There are certain things we HAVE to do, regardless of where we
want to end up.
Both SPLs and critical sections work only on the local cpu, which
means that as a general interrupt protection mechanism they only
really work when the BGL (Big Giant Lock) is being held. This is
the case with the current system.
We obviously want to get rid of the BGL. At a minimum this means that
SPLs will no longer function. Therefore we have to get rid of SPLs.
Without the BGL critical sections still serve a purpose... they
interlock against interrupts on the local cpu. More specifically,
they interlock against *IPI* interrupts on the local cpu and thus
still represent an excellent mechanism for interlocking in subsystems
which use cpu-local threading (such as our networking subsystem),
or need to protect cpu-local variables (such as our LWKT threading
No matter what we do we have to get rid of SPLs. We have a
chicken-and-egg problem here. SPLs have to go in order to progress
towards our MP goals, but we have not yet rewritten the hundreds of
drivers that depend on SPLs. Yet they have to go... chicken and
egg. We can't do it all in one go so we have to take a baby step and
the first baby step is to replace SPLs with critical sections.
This isn't an adhoc change... SPLs have to go, period. But we can't
achieve a lockless goal all in one step. It simply isn't possible.
The system is too complex. This change allows us to consolidate the
code and remove the SPL support from the interrupt paths entirely.
Since SPLs won't work in an SMP environment without the Big Giant Lock,
this represents considerable forward progress. Once SPLs are gone I
will be able to remove easily a hundred lines of code or more of
hybrid C and assembly.

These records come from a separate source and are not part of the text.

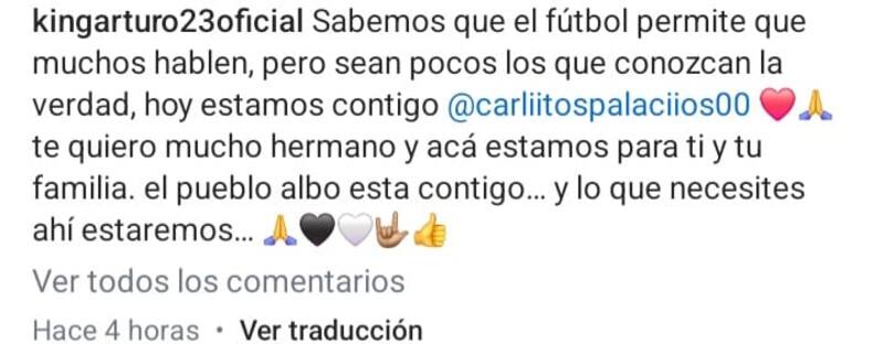Sin embargo, a pesar de la ola de críticas, desde la vereda del Cacique salieron a respaldarlo. Arturo Vidal, en su rol de líder vocal del equipo albo, posteó un mensaje de apoyo para su compañero. “Sabemos que el fútbol permite que muchos hablen, pero sean pocos los que conozcan la verdad, hoy estamos contigo Carlitos Palacios. Te quiero mucho hermano y acá estaremos para ti y tu familia. El pueblo albo está contigo y lo que necesites ahí estaremos”, reza el texto.
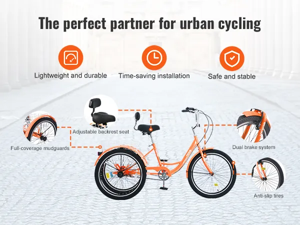 Diseño de una sola velocidad: la construcción de una sola velocidad es simple, simplifica los pasos de instalación y es fácil de usar. El triciclo para adultos está diseñado paso a paso, es fácil de manejar, apto para principiantes, apto para personas mayores, mujeres y hombres, lo que lo convierte en su opción preferida para viajes saludables.
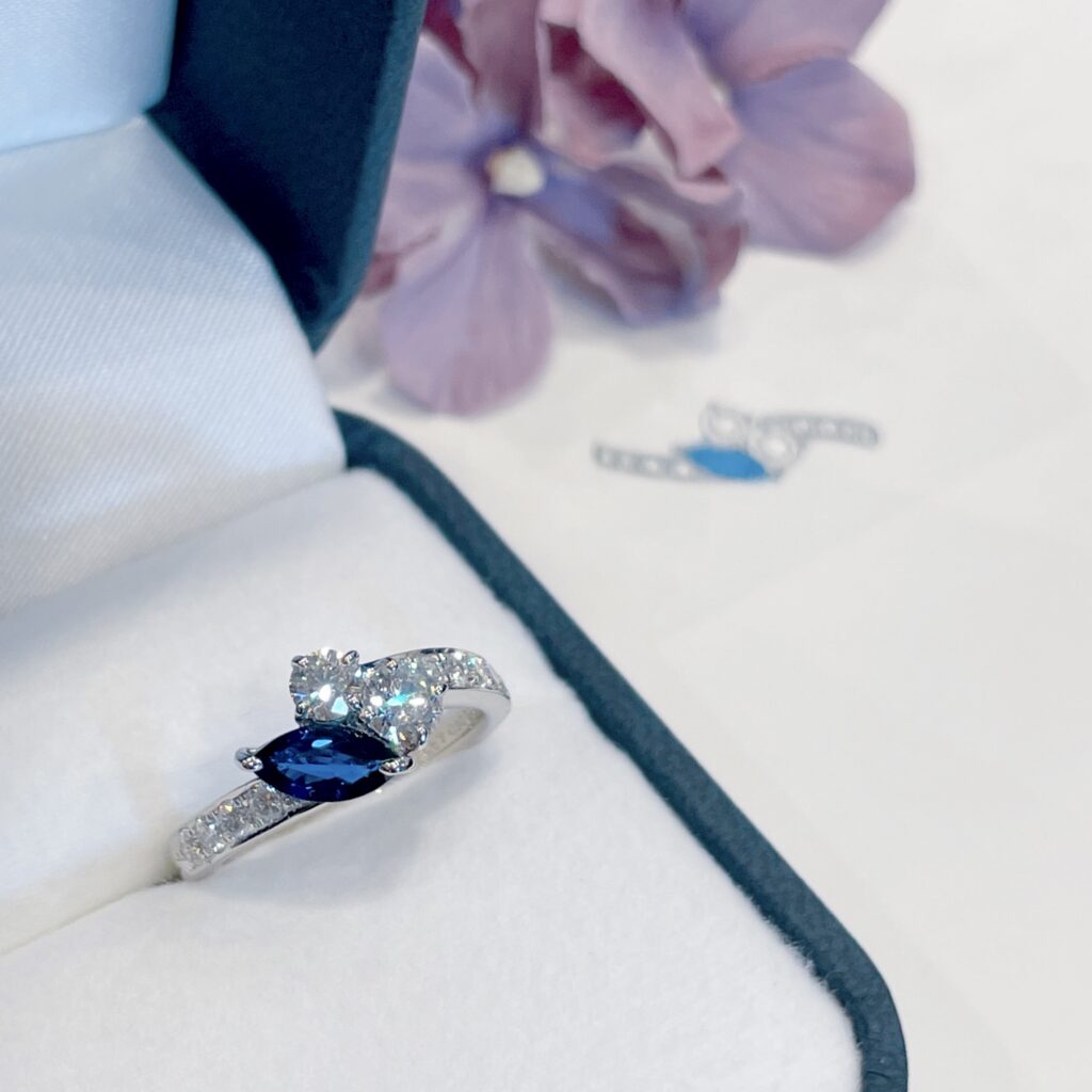 マーキスカットの凛としたサファイアに
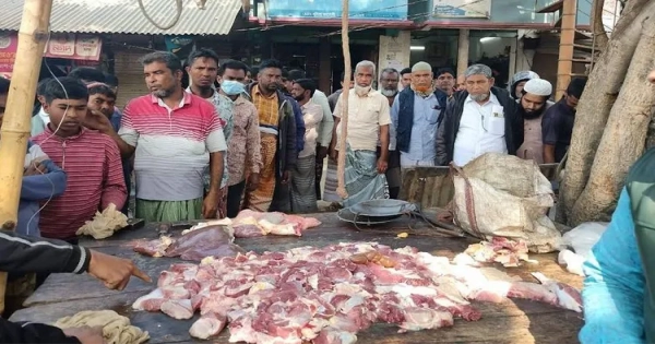 Acting on the instructions of Upazila Nirbahi Officer (UNO) Rakibul Islam, the court imposed the fine and seized 60 kg of tainted meat, which was subsequently buried to ensure it did not reach consumers. Animal Resources Extension Officer Dr. Golap Hossain and local residents were present during the disposal.

The only assembly left will be the assembly that
handles critical sections, and since critical sections are necessary
even once the BGL is removed the removal of the SPL and CPL checks
will repreesnt a major cleanup of our low level interrupt and preemption
code and serious forward progress towards our goals.
:(A) Defered interrupt processing via critical sections
:The primary advantage of critical sections is the simplicity. They
:are very easy to use and as long as there is no actual interrupt
:they are very cheap too. As a result they work best when used over
:short periods of time. Interrupt processing can be implemented either
:via a FIFO model via interrupt masks.
This only works because we hold the BGL. Without the BGL critical
sections cannot be used to protect against interrupts. Therefore,
while the interrupt subsystem is able to depend on critical sections
now, IT WON'T BE ABLE TO IN THE FUTURE. A new MP-SAFE API is needed.
At the moment I have created a mutex-like (locked bus cycle)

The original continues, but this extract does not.